IBM Corp. proposed to Unity’s management that the company install its ViaVoice Directory Dialer software to solve the problem. The Armonk, N.Y.-based computer giant flew in engineers to work with Forgue on the implementation. “We put this in down and dirty, real quick,” using a cannibalized IBM Netfinity 5500 server, Forgue says. The system was up and running within a couple of days.
“We’re taking about 8,000 calls a month [with the system], and it looks like we’re saving about 80% of a full-time employee,” Forgue says. “But the reason we did it was to facilitate communication and to make sure people had access to headquarters.” Forgue’s assistant administers the ViaVoice system, stepping in to update the telephone directory when employees join or leave the company and to correct ViaVoice when the system has difficulty matching the sound of an employee’s name with its written form.
“Our next step is to roll this out to include the management at the hospitals,” Forgue says. “Then we want to widen it to include all our locations.” Now there’s a project that will have people talking. //
John Rossheim is a freelance editor and writer specializing in privacy issues and speech recognition technology. He lives in Providence, R.I., and can be reached at email@example.com.

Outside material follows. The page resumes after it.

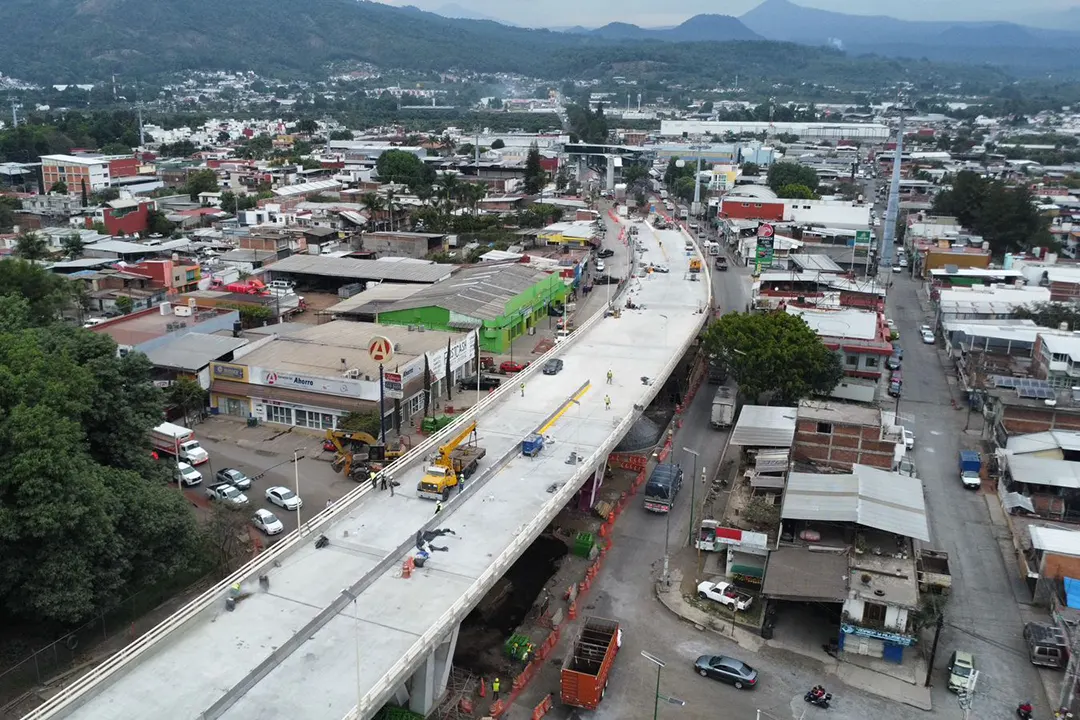 El funcionario estatal detalló que la obra se encuentra en la etapa final, se están concluyendo detalles en el colado de losas de superestructura, colocación de barreras, parapetos y luminarias en las rampas norte y sur, así como trabajos de conformación del skatepark y el bajopuente.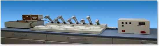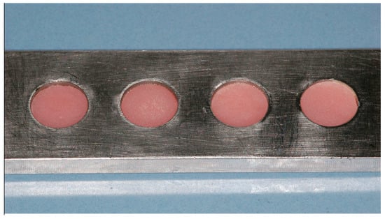 After CS coating all specimens underwent abrasion tests using a Willytec tooth-brushing simulator (Willytec GmbH, Munich, Germany) with soft brushes in an artificial saliva (Table 2) (load 2N, 2 cycles/s, 32 °C, Figure 4). To simulate short-term use, 3000 cycles of abrasion were performed on all CS-coated specimen surfaces. To simulate long-term use, all remaining CS coatings were removed, the specimen surfaces smoothed again with 1000 grit sandpaper, the CS coatings renewed, and all specimen surfaces exposed to 30,000 cycles of abrasion.

What if a telephone-based Automatic Speech Recognition (ASR) customer-service application could be developed as a standards-based extension of an existing e-commerce Web site? That’s the goal of the emerging Voice eXtensible Markup Language (VoiceXML or VXML).
Founded by AT&T Corp., Lucent Technologies Inc., and Motorola Inc. in March 1999, the VXML Forum (www.vxmlforum.org) seeks to provide a platform that will enable Web developers to code voice prompts, call flows, and other key elements of ASR systems for telephony as intuitively as they write HTML. If the open standard works as promised, IT shops will be able to save development time and money on ASR systems since VXML-based and HTML-based applications can share critical databases with relative ease.

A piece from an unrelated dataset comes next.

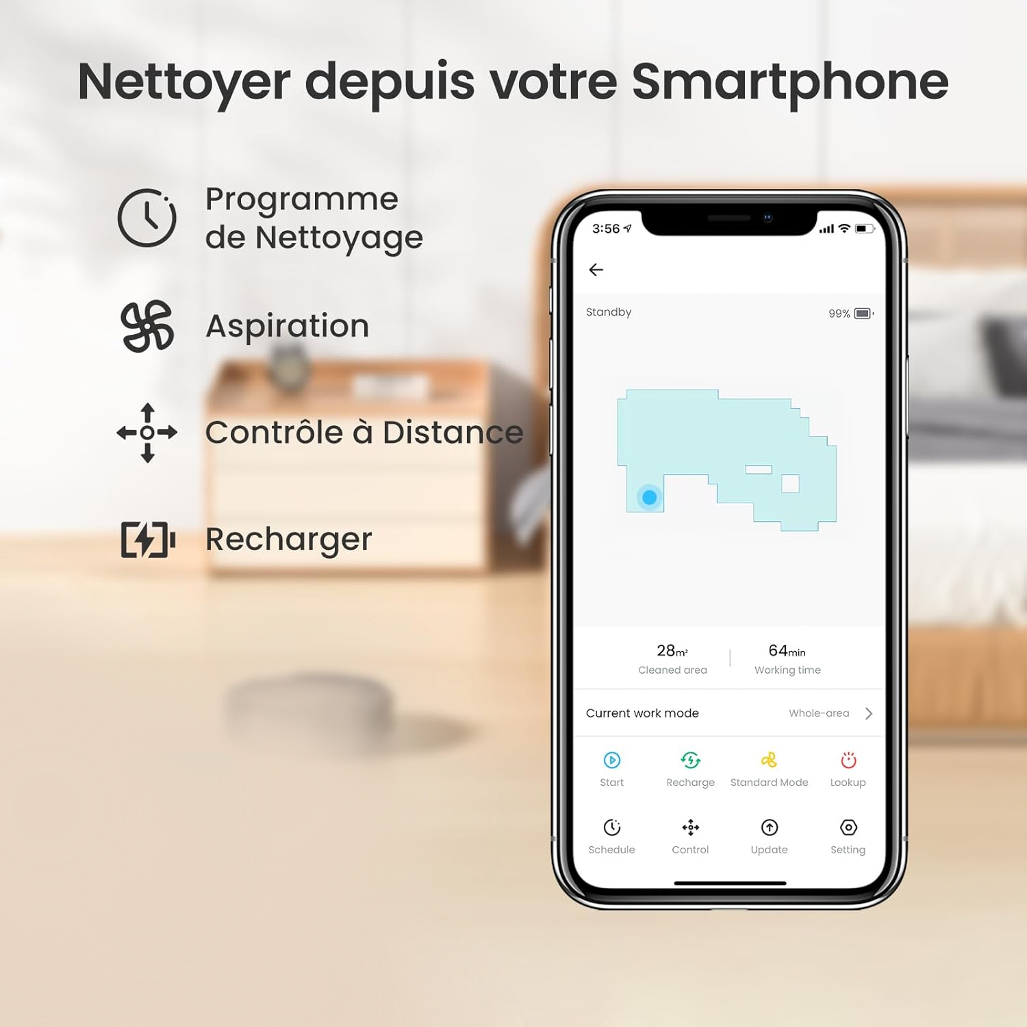 La gestion de l’appareil s’effectue via une application dédiée compatible avec les réseaux Wi-Fi 2,4 GHz et le Bluetooth pour une configuration rapide. Vous pouvez ainsi programmer des plannings de nettoyage ou piloter l’unité par commandes vocales via des assistants domestiques. L’interface logicielle permet une surveillance en temps réel de l’état du système et offre un contrôle manuel précis si nécessaire.

Before the VXML Forum was announced, the three founders and new key partner IBM Corp. had competed to develop their own markup languages to voice-enable Web applications. Motorola, for one, announced its VoxML voice programming language in September 1998 and trumpeted deployments at Web sites including Weather.com (The Weather Channel), CBS MarketWatch.com, and Biztravel.com. Web-based telephony applications might, for example, let consumers call an 800 number and speak the name of a city to listen to the local weather forecast, or get stock quotes by speaking the company name without having to know ticker symbols and enter them via telephone keypad.

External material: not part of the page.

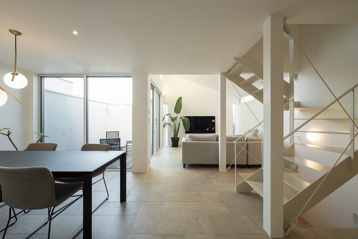 LDKは2階に配置。ダイニングとリビングを拡張するようにバルコニーを配置し、視覚的な広がりを出した。バルコニーは壁に囲まれているため、外部からの視線は気にならず、室内の延長のように使える空間に。「バルコニーに面した窓だけでなく、どの窓も外からの視線が入らないように工夫されているので、カーテンは一枚もつけていません」
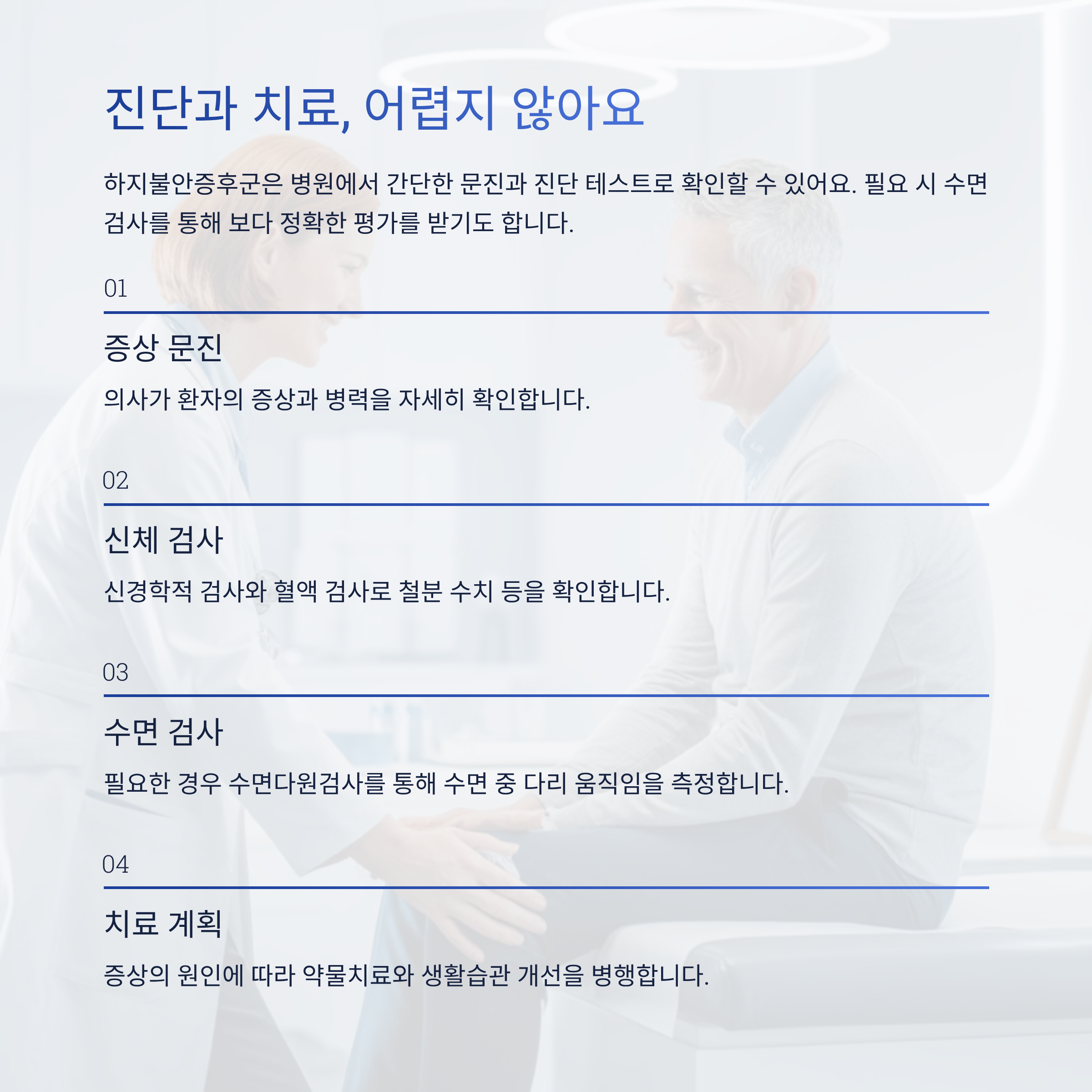 하지불안증후군은 병원에서 간단한 문진과 진단 테스트로 확인할 수 있어요.

With four key players joining forces under the VXML flag, more than 60 vendors have followed suit. Leading speech vendors supporting VXML include Dragon Systems Inc., Lernout & Hauspie Speech Products N.V., Nuance Communications Inc., Philips Electronics North America Corp., and SpeechWorks Inc. Computer and networking heavyweights 3Com Corp., Hewlett-Packard Co., Novell Inc., and Sun Microsystems Inc. have also given the standard a nod.
The VXML Forum released a preliminary spec for the standard in August 1999. Proponents would like to see VXML become the ultimate thin client for ubiquitous Internet access. Time will tell whether the Forum can keep its own act together, stave off any potential competing standards, and demonstrate that ASR telephony applications based on VXML can generate profits. –J.R.